January 25, 2022
United States Securities and Exchange Commission
Division of Corporation Finance
Office of Mergers & Acquisitions
100 F Street, N.E.
Washington, D.C. 20549-3561
Attention: Perry Hindin
Re: | Dawson Geophysical Company |
Filed on January 10, 2022 by WB Acquisitions Inc. and Wilks Brothers, LLC
File No. 005-37717
Ladies and Gentlemen:
Set forth below is the response of WB Acquisitions Inc. (“Merger Sub”) on behalf of itself and Wilks Brothers, LLC (“Parent”), to the comment received from the staff of the Division of Corporation Finance (the “Staff”) of the Securities and Exchange Commission (the “Commission”) by phone call and email on January 10, 2022, with respect to Schedule TO-T/A2, File No. 005-37717, filed with the Commission on January 10, 2022 (the “Amended Offer Materials”). Capitalized terms used herein and not defined have the meanings given in the Amended Offer Materials and in the previously filed Tender Offer materials. In its comment, the Staff raised the following guidance found in Exchange Act Release No. 23421 and inquired as to Parent’s position regarding the length of the extension of the Offer.

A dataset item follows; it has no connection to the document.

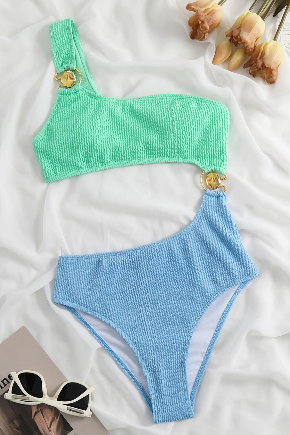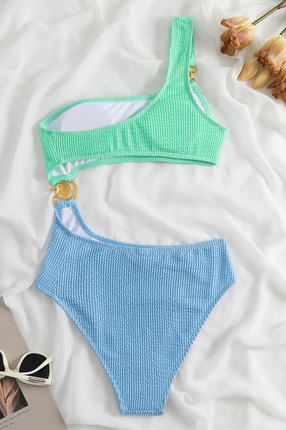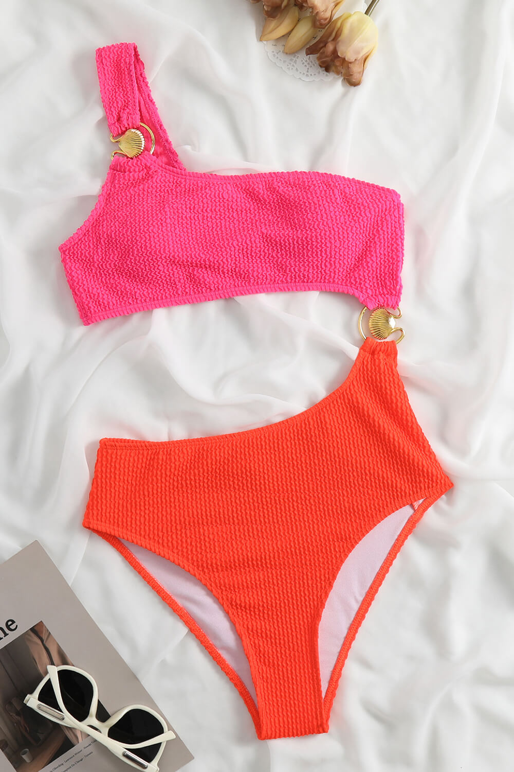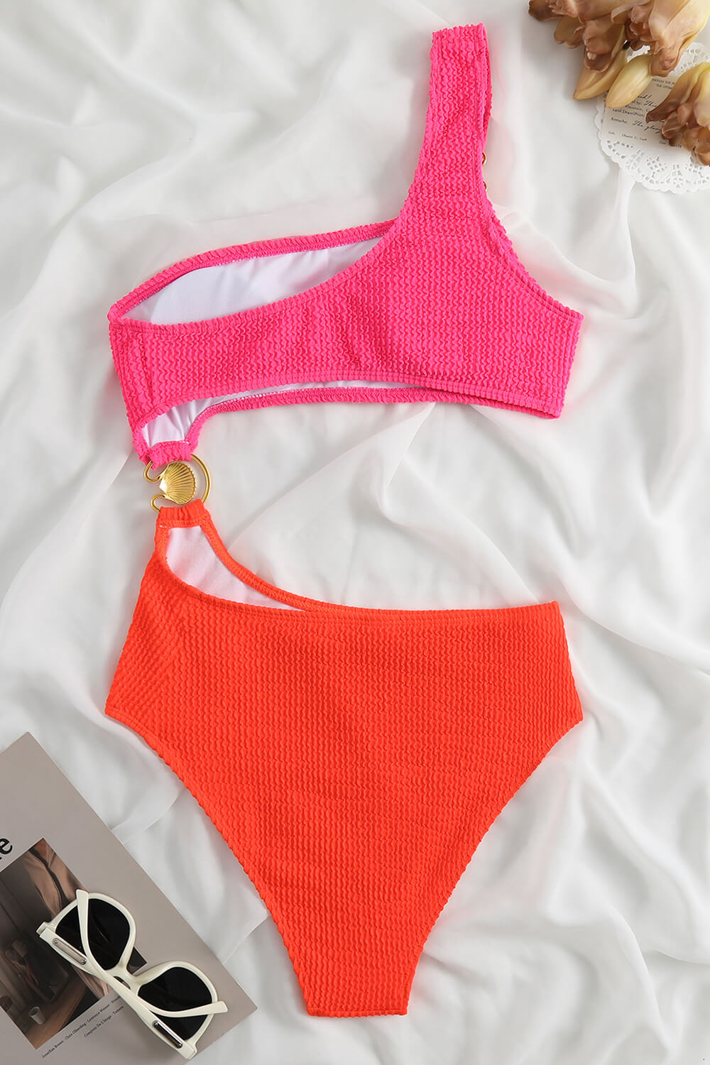 Color Block Crinkle Cut Out One Shoulder One Piece Swimsuit

The minimum period during which an offer must remain open following material changes in the terms of the offer or information concerning the offer, other than a change in price or percentage of securities sought, will depend on the facts and circumstances, including the relative materiality of the terms or information. As a general rule, the Commission is of the view that, to allow dissemination to shareholders “in a manner reasonably designed to inform [them] of such change” (17 CFR 240.14d-4(c)), the offer should remain open for a minimum of five business days from the date that the material change is first published, sent or given to security holders. If material changes are made with respect to information that approaches the significance of price and share levels, a minimum period of ten business days may be required to allow for adequate dissemination and investor response. Moreover, the five business day period may not be sufficient where revised or additional materials are required because disclosure disseminated to security holders is found to be materially deficient. Similarly, a particular form of dissemination may be required. For example, amended disclosure material designed to correct materially deficient material previously delivered to security holders would have to be delivered rather than disseminated by publication.